# WordPress vs. DecoNetwork (I did both, now what)



## AKSTS (Jun 10, 2015)

I took on the task of setting up our ecommerce site. Only programming experience comes from one C++ class in high school.

I set us up with DecoNetwork, hosted via Host Gator. The t-shirt design tool seems great and very nicely works with uploading apparel. However, the actual website itself is lacking unless you have it custom made, which was beyond my expertise.

Switched to WordPress, watched a lot of tutorials online, and set us up with a great theme and a t-shirt design tool plugin. The site looks much better, the design tool is good, but there's a lot of manual work to get things loaded up. I guess that's just part of setting something up for the first time.

Now that I've setup basic sites on both, I think I'm going to stick with WordPress and our current setup. However, before I put in all the work to make it an actual website, full of all our offerings, I wanted to get other users experiences/input.

Doing it on my own in WordPress vs. DecoNetwork. Has anyone else debated between the two? Any pro/cons for either I should be looking at? Any information to sway me away from WP to DN?


----------



## Ziptac (Jun 25, 2015)

I started with Wordpress and Woocommerce and am now looking to make a move. What has your experience been with Wordpress? Are you making loads of variants?


----------



## AKSTS (Jun 10, 2015)

Ziptac said:


> I started with Wordpress and Woocommerce and am now looking to make a move. What has your experience been with Wordpress? Are you making loads of variants?


Sorry for the late reply.

Yes, lots of variants.

The site is based on 2 ideas.

#1: Custom T-Shirt designer. Lots of variants for that so that the client can choose the correct gender/size/color, and then the t-shirt designer populates with that shirt.

#2: Our own designs. Each design is offered in a few colors, so there's plenty of variants with that as well.

How are things going for you with Wordpress/Woocommerce?


----------



## okprinter (Sep 6, 2014)

we are trying to get our Wordpress site up and running. We hit a limit on the number of variations and I have a person that is working to find the solution. I found some help online, but I need him to make some changes behind the seem.

I am concerned if this variations limit is going to be a problem as I go forward..


----------



## AKSTS (Jun 10, 2015)

okprinter said:


> we are trying to get our Wordpress site up and running. We hit a limit on the number of variations and I have a person that is working to find the solution. I found some help online, but I need him to make some changes behind the seem.
> 
> I am concerned if this variations limit is going to be a problem as I go forward..


Are you referring to the 50 variation limit?

If you have 80 variations, I believe if you hit link all variations, it'll link 50 of them, and if you hit it again, it will link the remaining 30.


----------



## Ziptac (Jun 25, 2015)

Okay, I had to delete a previous message as I was using the wrong profile.

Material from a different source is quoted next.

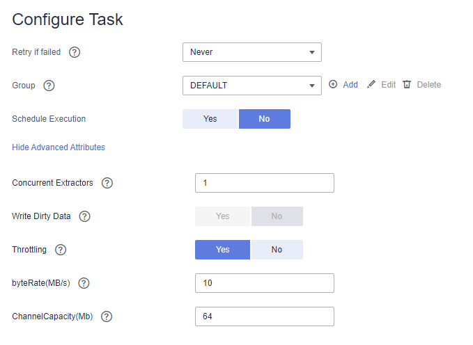 If you select Yes, you can set the start time, cycle, and validity period of a job. For details, see Configuring a Scheduled CDM Job.

When I started with the webpage, I did a whole bunch of research about what type gave me the best control while still being friendly to new web developers. I decided to use Wordpress with Woocommerce. Woocommerce seemed to have all the tools that I needed, so I got to work straight away. I added product after product and created about 200 variants for each parent product.

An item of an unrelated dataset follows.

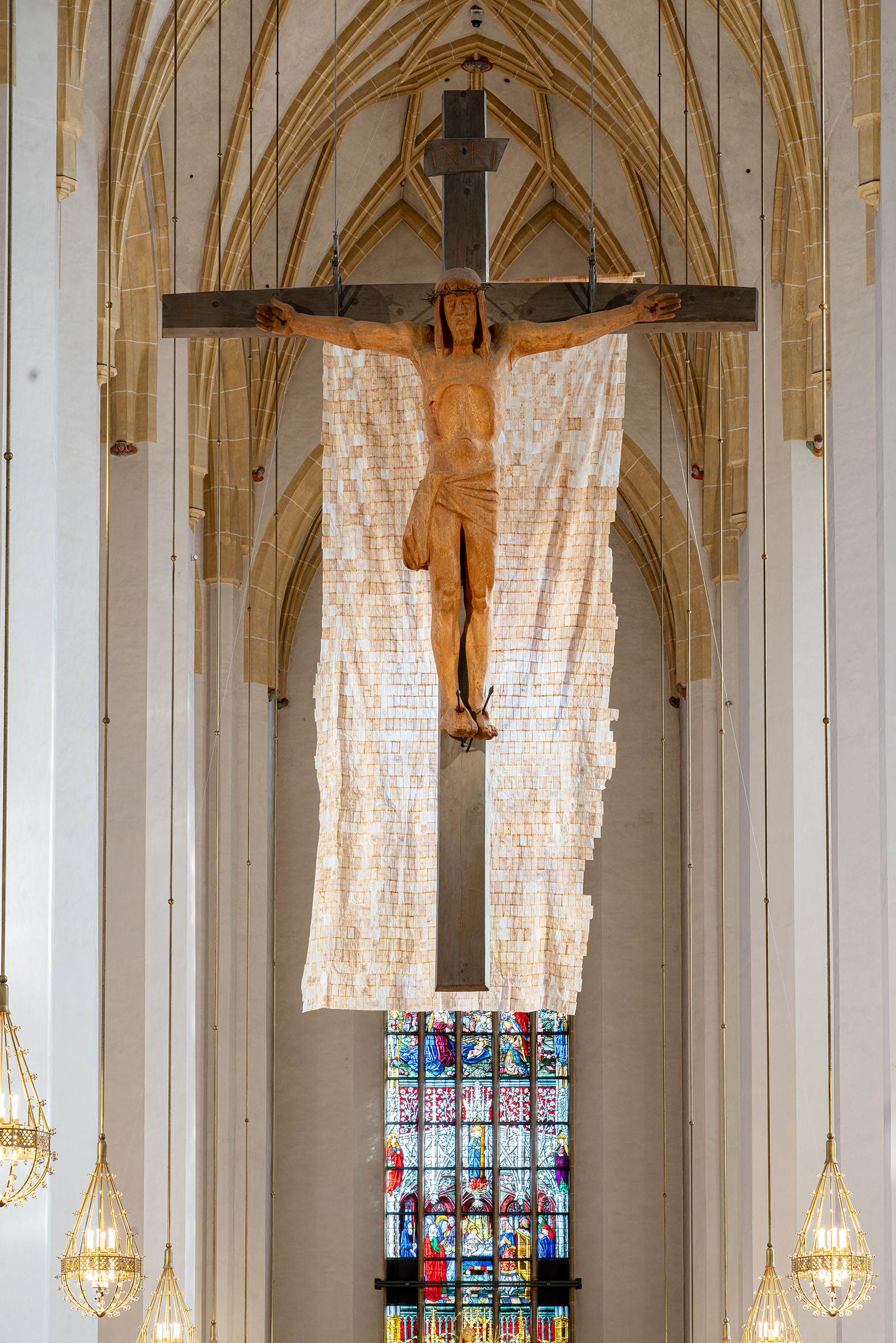 Münchner Liebfrauendom. Einen Akzent setzt in diesem Jahr Lisa Granada mit der bildnerischen Intervention „Cartografía inconclusa / Unfinished Cartography“, bei der gebrauchte Teebeutel zu einem Tuch verbunden sind. Die Installation wird bis 31. März im Chorraum des Doms über dem Altar hängen und soll unter anderem an die Tradition des Fastentuchs erinnern. Der Gottesdienst wird im Internet live gestreamt unter

For those who don't know the product/variant thingy, it works like this; every parent is the main design with all the descriptions and attributes you'd expect. Each variant is just a modification in size, color, cut, or what ever. If you have 6 sizes and 5 colors, you actually have 30 products. This makes sense because we know that the sizes and colors are all different T-shirts.

When I tried to load my Wordpress site, I found it was heavily bogged down. It was taking more than 10 seconds each load time. I was so frustrated. I'm too new to understand everything so I turned to the web for answers. Unfortunately, the discussions about my issues were too far above my head. What I did understand was that it was a inherit issue and there was probably customization that would help out. So I hired a developer to help me out. He was a tremendous help in getting an understanding of what was happening. Indeed, he was an interpreter for me.

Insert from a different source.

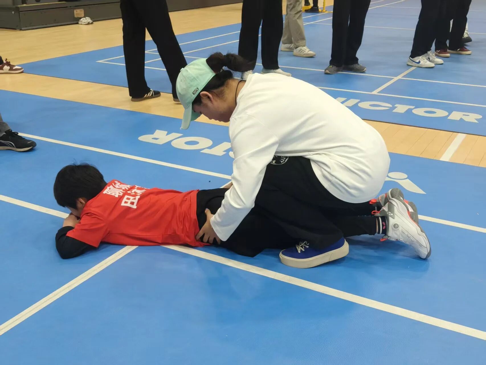 活动伊始,介绍活动主题、目的及核心流程。活动过程中,运动康复专业同学认真细致地讲解科学规范的动态热身方法与具体步骤,带领小运动员们有序开展热身准备;同时科普常见运动损伤的诱发因素,耐心解答运动护具选择、损伤预防及轻微不适处理等疑问。活动尾声,组织实操演示,指导小运动员们相互进行放松练习,重点纠正动作发力模式,确保操作规范。运动康复专业同学以专业实用的知识技能,助力每位热爱运动的参与者有效减少关节损伤,安全享受运动乐趣。

Each variant caused a database query. That meant that to load a page with 12 products on it (like my shop page) I had 200x12 database queries. Did I mention I had swatches and the T-shirt mockup changed each time? Yeah, those had to be queried too. Or so I think - if I understand things correctly. But wait there's more, according to the web every frigging option in the variants is also loaded, even if it is blank. I'm talking about weight, stock, dimensions, sale price, and so forth. So I took to asking Woothemes for support. 4 days later I still had no answer. I took that as my answer and asked the developer his ideas.

So the developer and my hosting company helped me find the answers; Woocommerce was to blame and it likely wouldn't be fixed. At times it took 15 seconds to load. Any page that I had a Woocommerce widget became slow. In short, my selling capabilities were limited to dear friends and family. I went to work over two weeks working on the optimization and I finally got it all down to about 8 seconds. That was using caching, CDN, small pictures, limited Woocommerce widgets, a front page devoid of products (ouch!)and so forth. I felt horrible. I want to produce and have success and I can't even get out of the starting gate. The developer suggested that we just go with an addon/drop down menu for color and size. No variants. That did the trick and the site loads reasonably well. (see Woocommerce product add-ons for plug-in to avoid variants entirely)

With the dust cleared I thought I had a working site. I did, but I realized that I had a shadow of what I had set out to make. I didn't have swatches, cool colors, or even the ability to have an additional option like cut (or garment like hoodies, hats, and so forth). I felt the sting when feedback came in that we were missing the boat if we didn't have swatches with pictures that change.

So a new journey started as I tested out other shopping cart ideas. There was scarce pickings for a Wordpress shopping cart plugin, so I checked out Presta-shop, Shopify, Bigcommerce, and Deco-network.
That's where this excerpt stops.